Несмотря на чудо моста в Солташе, из всех работ Брунеля, мы можем быть уверены, он хотел бы, чтобы его запомнили именно по старой магистрали из Лондона в Бристоль. Именно на эту работу, как ни на какую другую, он потратил свою юношескую энергию наиболее щедро, и здесь он смог полнее, чем в любое другое время, выразить те стремления, которые лелеял в юности. В огромных просеках и насыпях; в красоте эллиптических арок, где массивная неизменность наделяется изяществом благодаря великолепному мастерству; в колокольных туннелях с триумфальными порталами, возвышающимися над путями, чтобы затмить "замки" и "королей" 1950-х годов не менее эффектно, чем ширококолейные флаеры вчерашнего дня; во всем этом мы видим памятники короткого героического века инженерии, столь же далекого от нашего мира, как и великие средневековые соборы.

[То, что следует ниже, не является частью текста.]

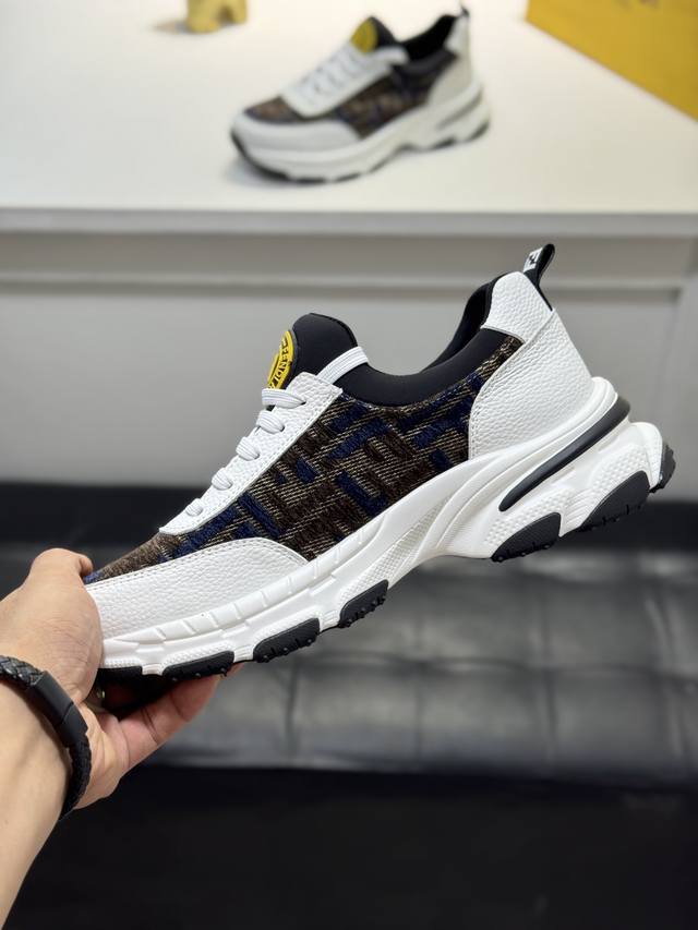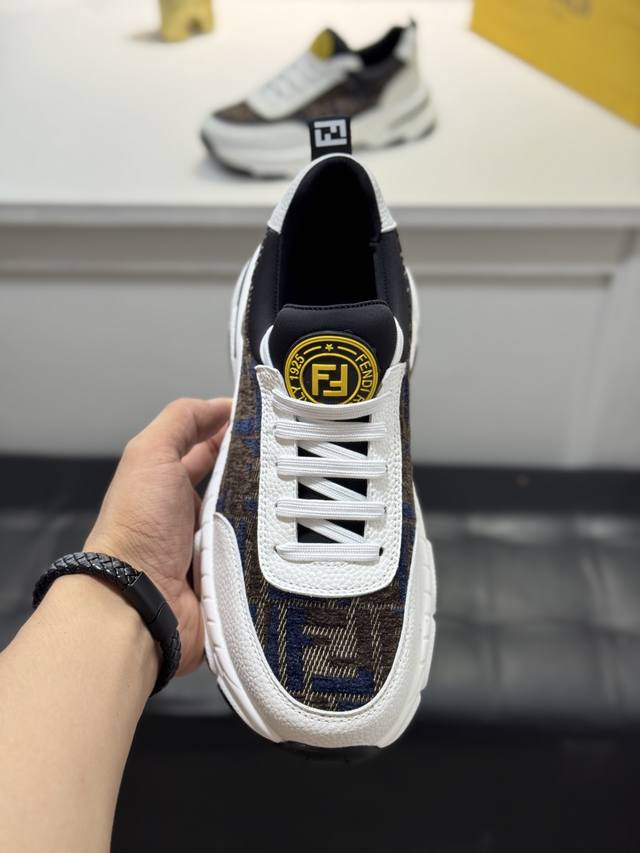 Fendi! Top-tier purchasing agent for men. New original configuration, imported Italian cowhide stitching original fabric sole: original factory special supply original sole, super comfortable, original factory follow-up goods of high quality, three colors optional, free to enter and exit the counter. Welcome to compare

Эта эпоха недолго пережила Брунеля. После его смерти, за которой так скоро последовали смерти его великих современников Роберта Стефенсона и Джозефа Локка, она быстро подошла к своему завершению. Если мы хотим узнать секрет ее великолепной уверенности, непоколебимой веры в то, что материальный прогресс можно приравнять к улучшению человечества, а также причину ее внезапного конца, нам достаточно пролистать страницы книг с набросками Брюнеля. При этом неизбежно вспоминаются более ранние и великие тетради Леонардо да Винчи, столь поразительные по диапазону и игре интеллекта и воображения, которые они демонстрируют. Тогда не существовало ни одной проблемы в архитектуре, гражданском или механическом строительстве, которую его ум не стремился бы решить и покорить. Именно потому, что Брюнель в такой степени проявил эту удивительную разносторонность, он смог придать импульс промышленной революции, благодаря которому у него не осталось преемников. Он и его поколение оставили после себя сумму знаний, которая, как и его великий корабль, стала слишком большой и слишком сложной, чтобы ею мог овладеть один человек. Поэтому все последующее научно-техническое развитие зависело от специализации во все возрастающей степени. В результате, в то время как коллективная сумма знаний продолжала расти с огромной скоростью, индивидуальная сумма настолько серьезно уменьшилась, что, перефразируя Голдсмита, в то время как машины множились, люди разлагались. Ибо как машины, слишком широко применяя принцип разделения труда, превратили ремесленника в машиниста, так и процесс специализации, столь же уверенно и гораздо более тонко, путем постоянного сокращения разрушил ту католическую целостность интеллекта, без которой цивилизация не может выжить.
Если мы рассмотрим поколения выдающихся инженеров, которые последовали за Брунелем, мы не найдем равных ему, потому что всем им не хватает этой католичности. Нигде и никогда больше мы не найдем такого всеохватывающего интеллекта. Но специализация привела к другим последствиям, гораздо более значимым. Во времена Брюнеля инженерия - слово, которое охватывало и гражданское, и механическое строительство, причем это различие только-только появилось, - все еще была сестрой-близнецом искусства. Люди на одном дыхании говорили об искусстве и науке, и для человека умного и культурного казалось необходимым быть в курсе событий в обеих сферах. Но после середины века эти две сестры все больше отдалялись друг от друга, что имело катастрофические последствия для обеих. Ученый и инженер потеряли чувство меры, утратив заботу о гуманитарных науках. Они становились все более высокомерными и нетерпимыми по мере углубления специализации и ревновали к своим мелким монополиям на знания, как какой-нибудь средневековый алхимик к своим магическим формулам. Однако при всем своем высокомерии эти инженеры последнего времени никогда не смогли бы доминировать в зале заседаний совета директоров так, как это делали Брюнель и его великие современники. Ведь это был предрешенный вывод и часть общей картины распада, что когда ученый и инженер стали специализированными животными, они также должны были стать инструментами, сначала коммерческой власти, а затем и гораздо более страшной и безличной власти государства.